Expect Deeper and Cheaper Machine Learning

Supercharged hardware will speed up deep learning in everything from tiny devices to massive data centers

4 min read
Illustration of a book opened over a laptop computer
Photo-illustration: Edmon de Haro

Illustration of a book opened over a laptop computer Photo-illustration: Edmon de Haro

Last March, Google’s computers roundly beat the world-class Go champion Lee Sedol, marking a milestone in artificial intelligence. The winning computer program, created by researchers at Google DeepMind in London, used an artificial neural network that took advantage of what’s known as deep learning, a strategy by which neural networks involving many layers of processing are configured in an automated fashion to solve the problem at hand.

Unknown to the public at the time was that Google had an ace up its sleeve. You see, the computers Google used to defeat Sedol contained special-purpose hardware—a computer card Google calls its Tensor Processing Unit.

Norm Jouppi, a hardware engineer at Google, announced the existence of the Tensor Processing Unit two months after the Go match, explaining in a blog post that Google had been outfitting its data centers with these new accelerator cards for more than a year. Google has not shared exactly what is on these boards, but it’s clear that it represents an increasingly popular strategy to speed up deep-learning calculations: using an application-specific integrated circuit, or ASIC.

Deep-Learning Software Revenues (US $, Billions)

bar chart Revenues from deep-learning software should soon exceed $1 billion. Source: Tractica

Another tactic being pursued (primarily by Microsoft) is to use field-programmable gate arrays (FPGAs), which provide the benefit of being reconfigurable if the computing requirements change. The more common approach, though, has been to use graphics processing units, or GPUs, which can perform many mathematical operations in parallel. The foremost proponent of this approach is GPU maker Nvidia.

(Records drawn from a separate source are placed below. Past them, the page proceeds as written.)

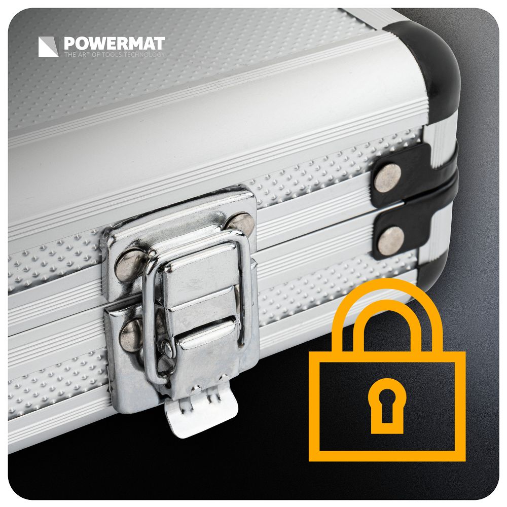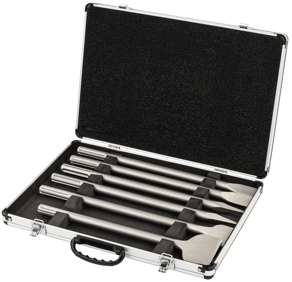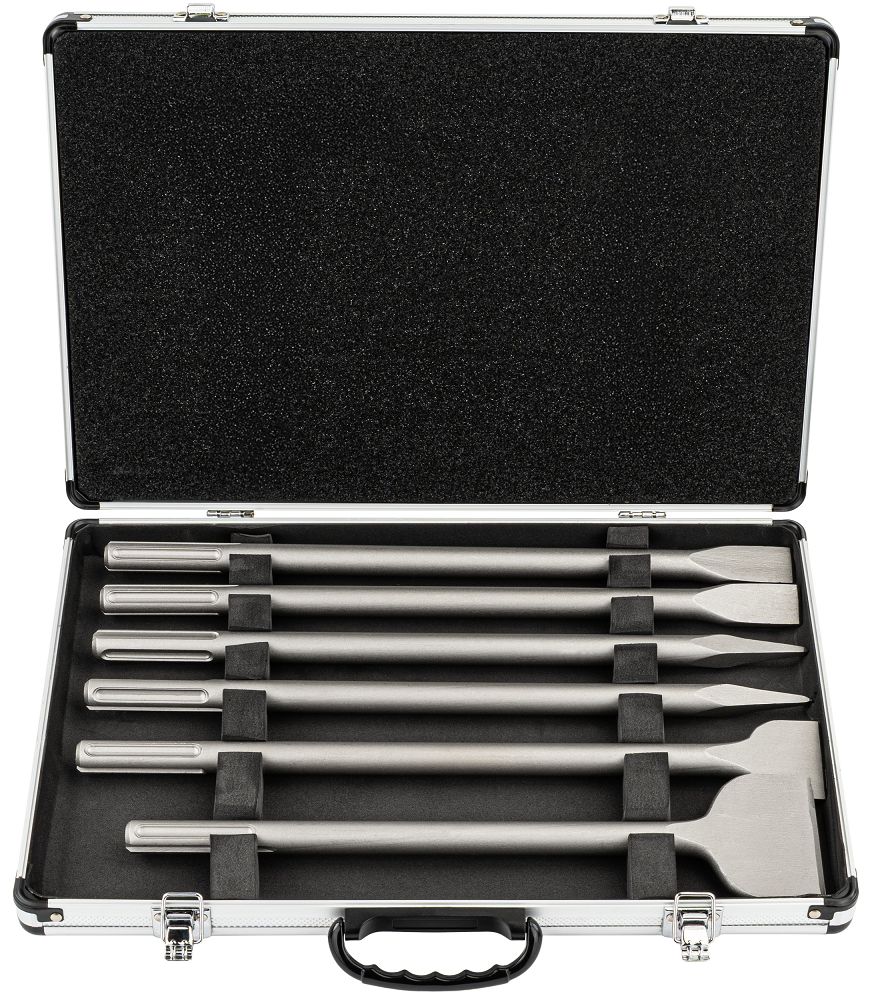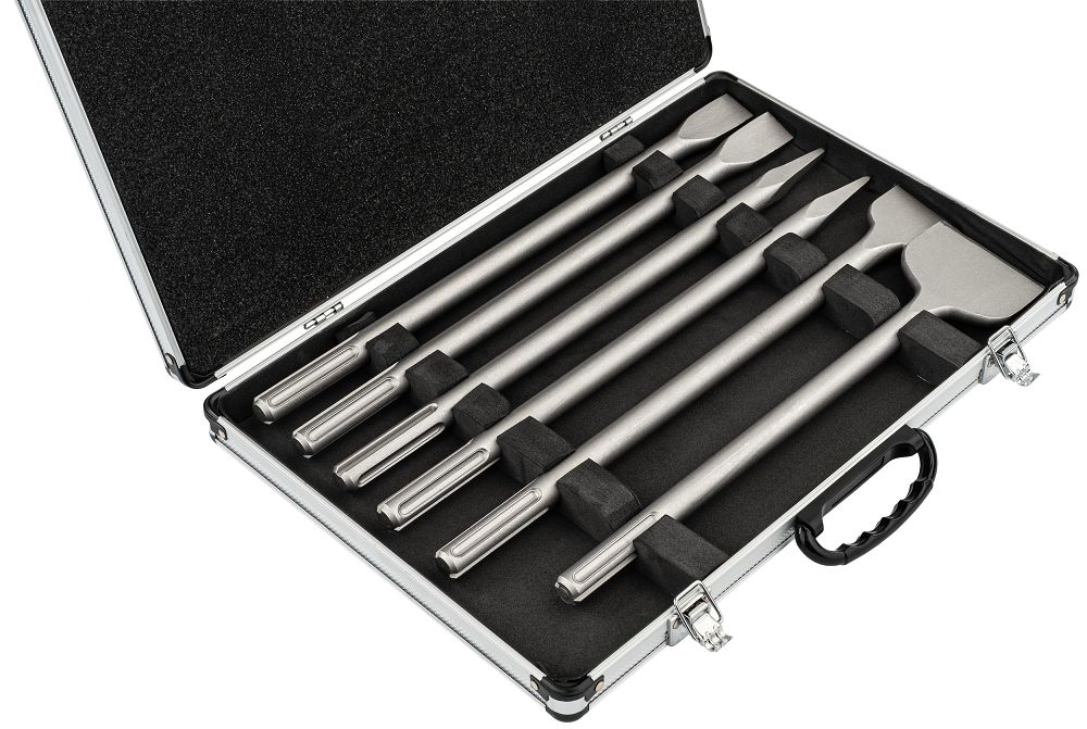 Komplet vključuje ravna in koničasta dleta za beton, opeko in kamen širine 25, 50 in 80 mm, ki omogočajo natančno rezanje in hitro odstranjevanje materiala s čistejšimi robovi in manjšo potrebo po popravkih. Celoten komplet je mogoče shraniti v praktičnem kovčku, kjer ima vsak kos svoje mesto, kar olajša organizacijo, zagotavlja varno shranjevanje in priročen transport; ključavnica ščiti vsebino pred odpiranjem ali razlitjem in zagotavlja, da bo komplet ostal varno zaprt.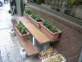 教育センターに設置したプランター台です。板は自宅で防腐剤を塗り、センターに持ち込みました。板を乗せた鉄製の台は、以前使用されていた物のようです。幅60cmのプランターは、9個乗せることができます。 |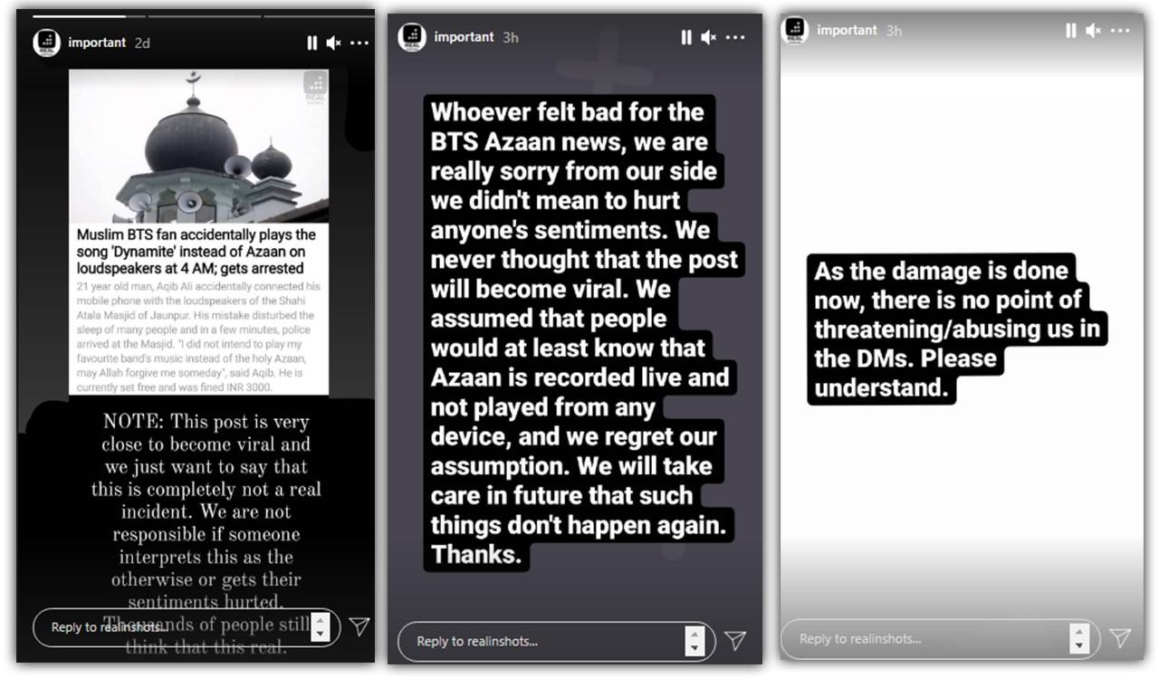 जौनपुर की मस्जिद वाली खबर अब ‘रीयल इनशॉट्स’ के पेज से डिलीट हो चुकी है. इस पेज को चलाने वालों ने ‘इंस्टाग्राम स्टोरी’के जरिये बाकायदा इस बात की पुष्टि की कि मस्जिद में कोरियन पॉप गाना बजने जैसी कोई घटना जौनपुर में नहीं हुई है. स्टोरी में ये भी लिखा है, “अगर किसी को इस खबर की वजह से बुरा लगा तो हम माफी चााहते हैं. हमारा मकसद किसी को ठेस पहुंचाना नहीं था. हमें लगा था कि लोग इस बात से वाकिफ होंगे कि अजान लाइव रिकॉर्ड होती है, किसी मोबाइल या डिवाइस से कनेक्ट करके नहीं बजाई जाती. पर ये हमारी भूल थी.”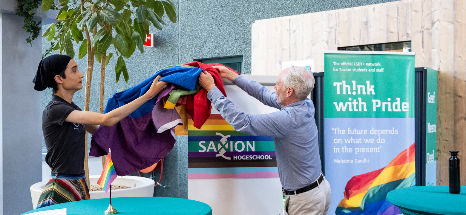 Saxion kent vanaf nu een Pride-logo, een variant op het logo van Saxion, dat in de toekomst bijvoorbeeld te zien zal zijn op LHBTIQ+-gerelateerde evenementen. De bedoeling is dat er ook een sticker van komt, die studenten op hun laptop kunnen plakken.
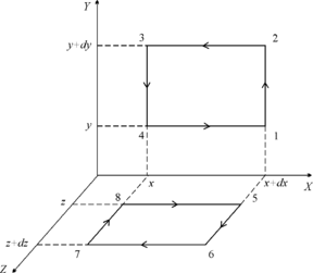 (считаем dx малым, поэтому значение B в пределах площадки можно считать постоянным). Аналогично, выбираем в плоскости XZ контур 5–6–7–8: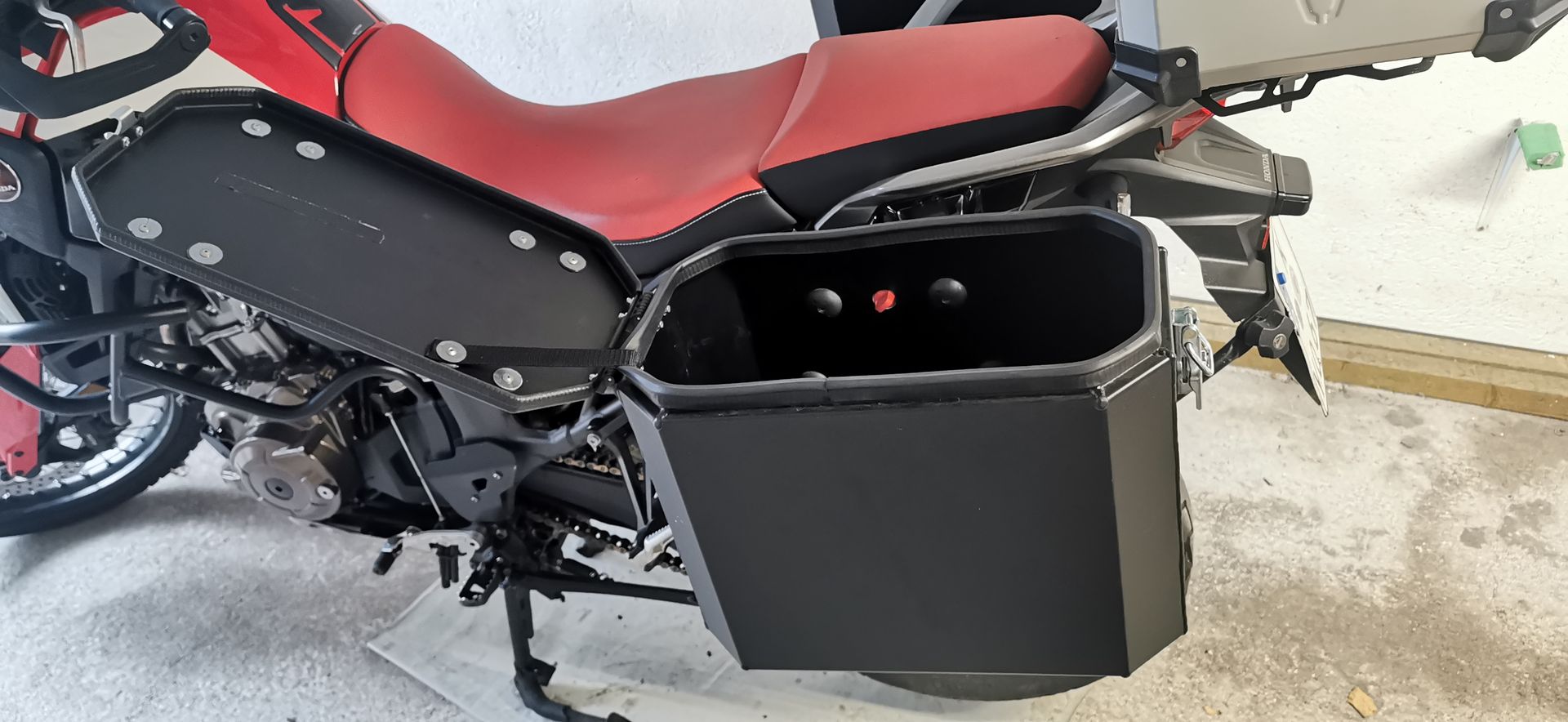 Seitenkoffer von G+G (abolut Wasserdicht) an SW Motech Kofferhalter.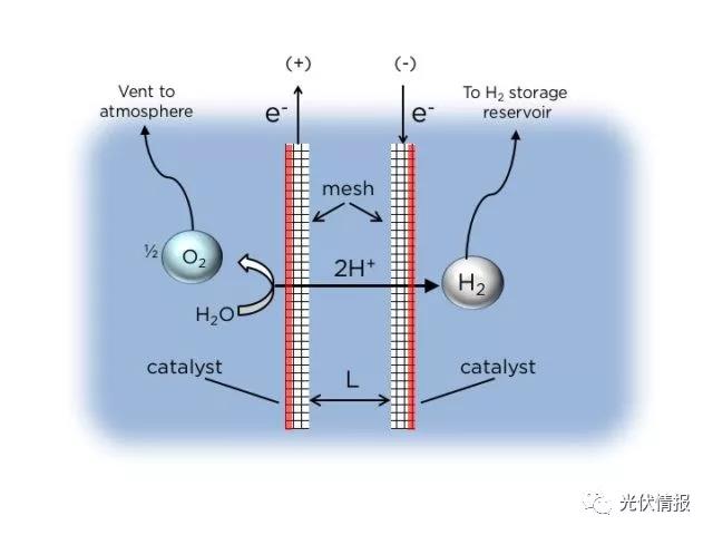 ▲ 不對稱網(wǎng)狀電極示意圖,氧氣和氫氣在不同側(cè)生成,氫氣會上升到特定氣體采集室儲存。(Source:哥倫比亞大學(xué))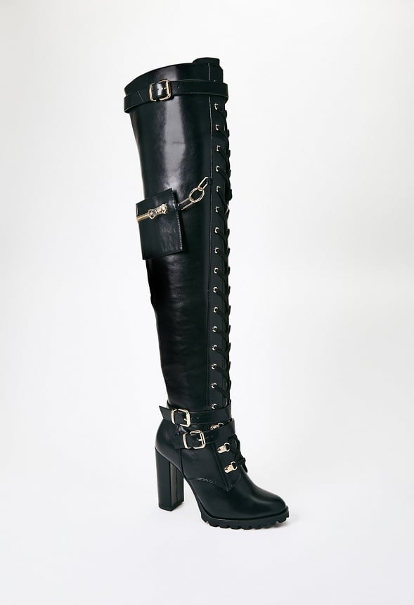 A high boot with a block heel and various buckle/zip embellishments. Material : Faux-Leather Outside Heel Height : 4 Closure : Functional Side Zipper Shaft Height : 22 Imported

Indeed, advances in GPUs kick-started artificial neural networks back in 2009, when researchers at Stanford showed that such hardware made it possible to train deep neural networks in reasonable amounts of time [PDF].

“Everybody is doing deep learning today,” says William Dally, who leads the Concurrent VLSI Architecture group at Stanford and is also chief scientist for Nvidia. And for that, he says, perhaps not surprisingly given his position, “GPUs are close to being as good as you can get.”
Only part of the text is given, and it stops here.